Oh, Jami, I have to say I've never met Diesel but I love him. He sounds like a riot. I've never had two dogs before but try to remember that 1 year old isn't very old especially for a male. Plus he's sooo excited to have a little sister now! So, I know if I were in your shoes I'd be mad, so it's easy to say this but try to laugh at Diesel (only when he's not looking of course!!).

I understand what you mean about him listening to your boyfriend more than he does you. Emmy's the same way. She follows my hubby's commands to the T but she'll push my limits. He can take her out without a leash and she stays as though she has one on... she would run from me so fast it isn't funny. Most nights when I get to bed, she's already there and I'll beg her and push on her to move for me to get in and sometimes it takes my hubby saying 'Emmy, come' for her to move over so I can get in bed. ((Sometimes we fight like sisters...))

I'll stop rambling now....this is all new for Diesel, too, and I would guess it's much like children. You bring a new baby in the house and some little ones will do whatever it takes to steal the show!!


----------



## lovealways_jami (Apr 17, 2007)

Emmysourgolden said:


> Oh, Jami, I have to say I've never met Diesel but I love him. He sounds like a riot. I've never had two dogs before but try to remember that 1 year old isn't very old especially for a male. Plus he's sooo excited to have a little sister now! So, I know if I were in your shoes I'd be mad, so it's easy to say this but try to laugh at Diesel (only when he's not looking of course!!).
> 
> I understand what you mean about him listening to your boyfriend more than he does you. Emmy's the same way. She follows my hubby's commands to the T but she'll push my limits. He can take her out without a leash and she stays as though she has one on... she would run from me so fast it isn't funny.

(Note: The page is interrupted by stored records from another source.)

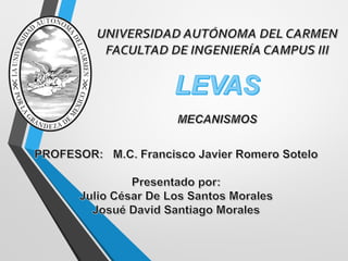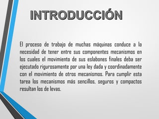 El documento describe los mecanismos de levas, que se usan para transmitir movimiento de manera precisa y coordinada entre componentes de máquinas. Explica que una leva es un elemento sujeto a un eje en un punto que no es su centro, causando que su contorno mueva u empuje a una pieza llamada seguidor cuando el eje gira. Además, detalla los componentes básicos de este mecanismo, los diferentes tipos de levas y seguidores, y esquemas de movimiento del seguidor.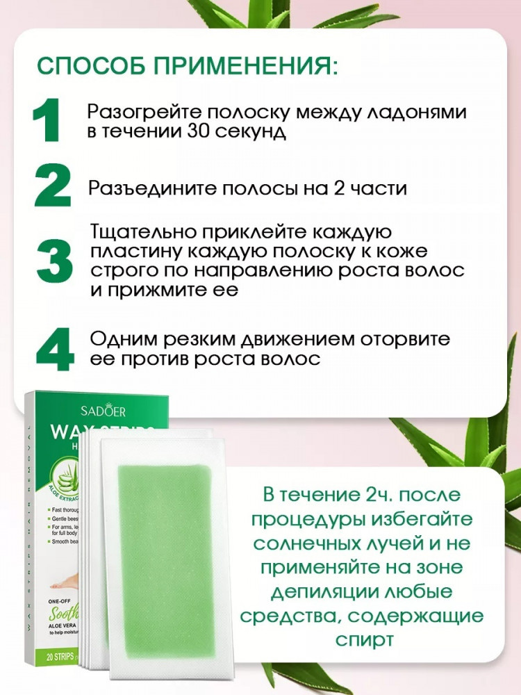 SADOER Восковые полоски для депиляцииВ данный момент этот товар отсутствует в продаже. Возможно, у нас найдется аналогичный или похожий товар здесь. Восковые полоски для депиляции Sadoer — это надежный и эффективный способ избавиться от нежелательных волос на теле за считанные минуты. Каждая полоска покрыта высококачественным воском, который обеспечивает бережное удаление волос даже с корнями. Продукт идеально подходит для использования как в домашних условиях, так и в салоне красоты. Удобная упаковка содержит достаточное количество полосок для проведения нескольких процедур депиляции. |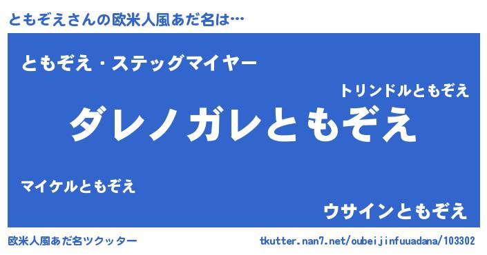 | 男性向けラノベタイトル風あだ名 | 『魔弾の王とともぞえ』『ともぞえの憂鬱』 |
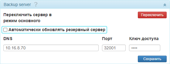 | Переключить сервер в режим резервного | Опция используется, если необходимо переключить резервный сервер в режим основного. См. подробнее. |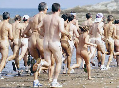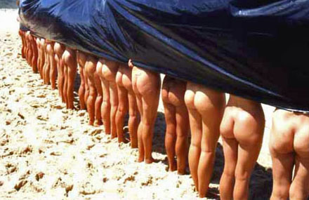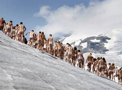 阿莱奇冰川,瑞士(Aletsch Glacier, Switzerland)天体主义者在度假的时候不是一味地追求日晒。在瑞士的一个冰川上600名天体者聚集一堂让Spencer Tunick照相。作为绿色和平运动来抵抗全球变暖。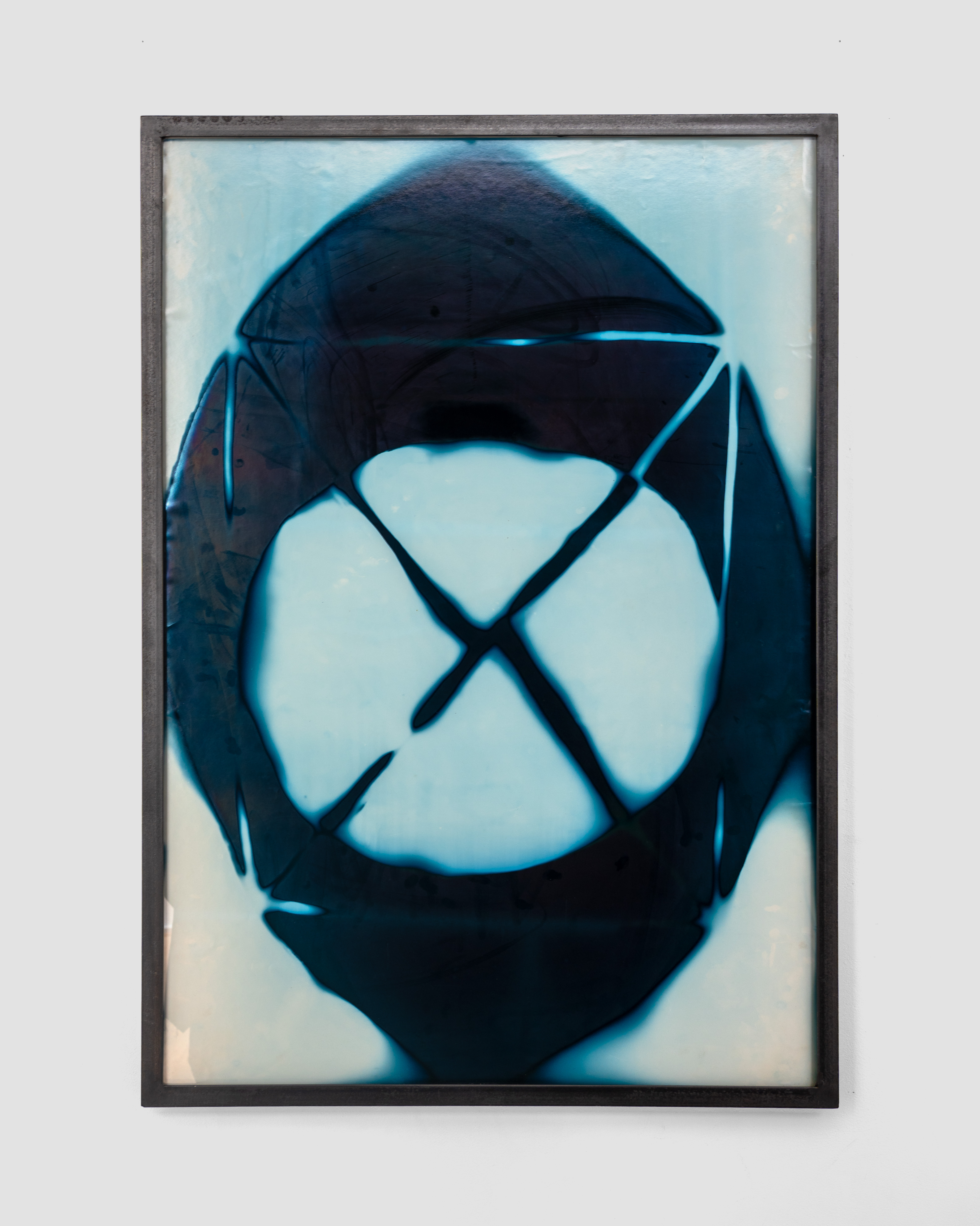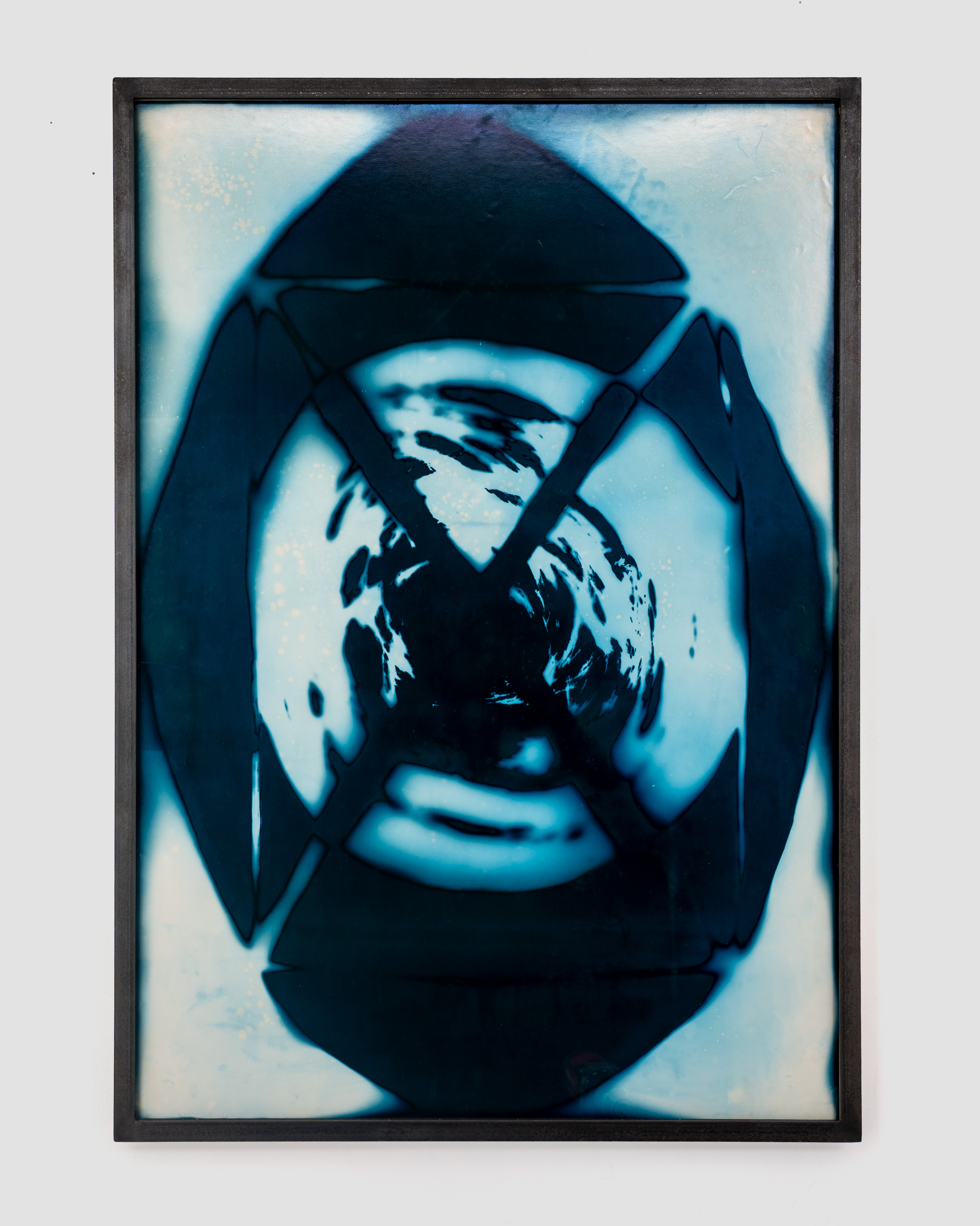 photogram, silver gelatin print, colored with ferric chloride, in steel frame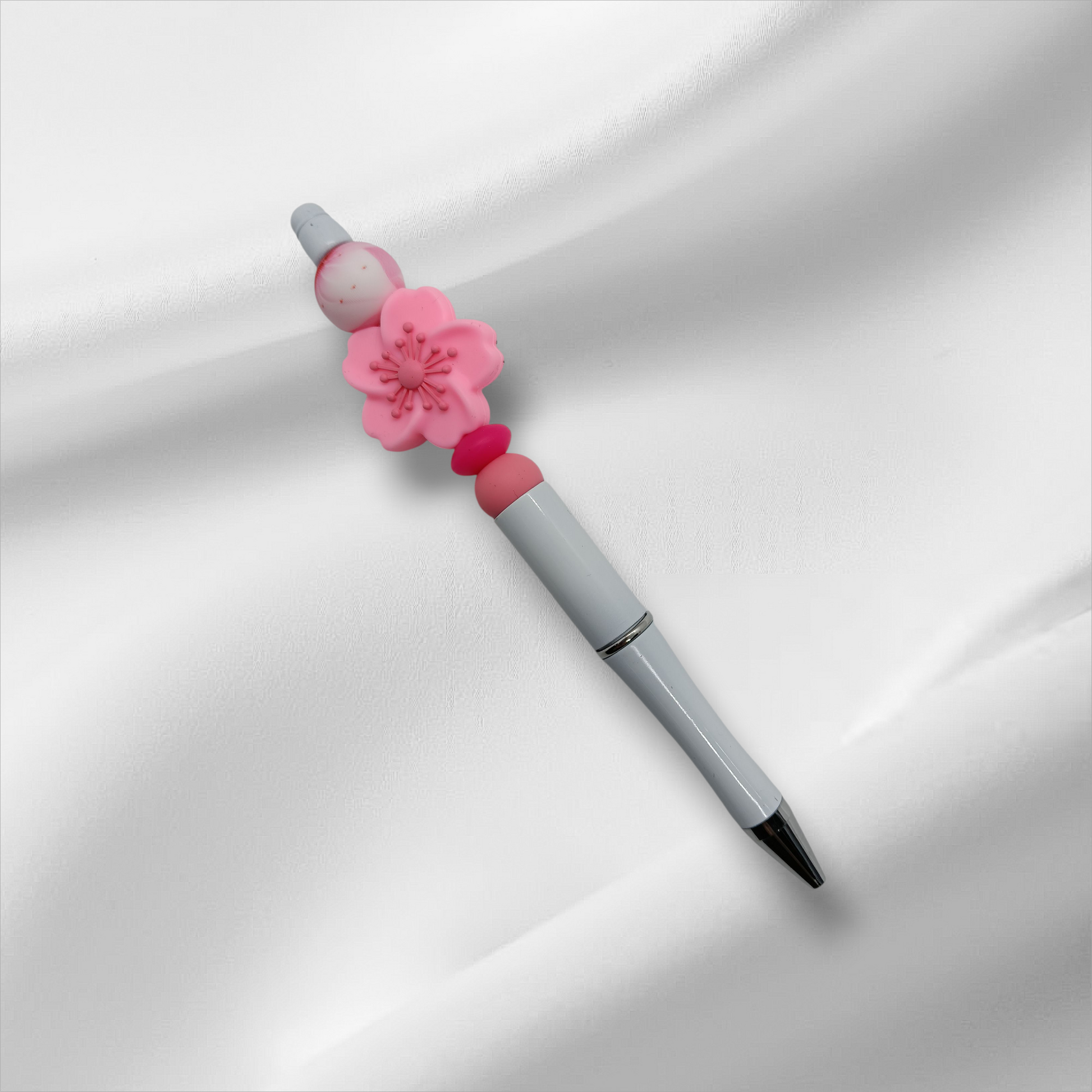 Cherry Blossom Beaded Pen -Light Pink/White

Most nights when I get to bed, she's already there and I'll beg her and push on her to move for me to get in and sometimes it takes my hubby saying 'Emmy, come' for her to move over so I can get in bed. ((Sometimes we fight like sisters...))
> 
> I'll stop rambling now....this is all new for Diesel, too, and I would guess it's much like children. You bring a new baby in the house and some little ones will do whatever it takes to steal the show!!


Well he is doing much better now after adjusting to her. They even will lay down together which was unheard of the first week! Thanks for everyones GREAT advice!! It was def. a big help!


----------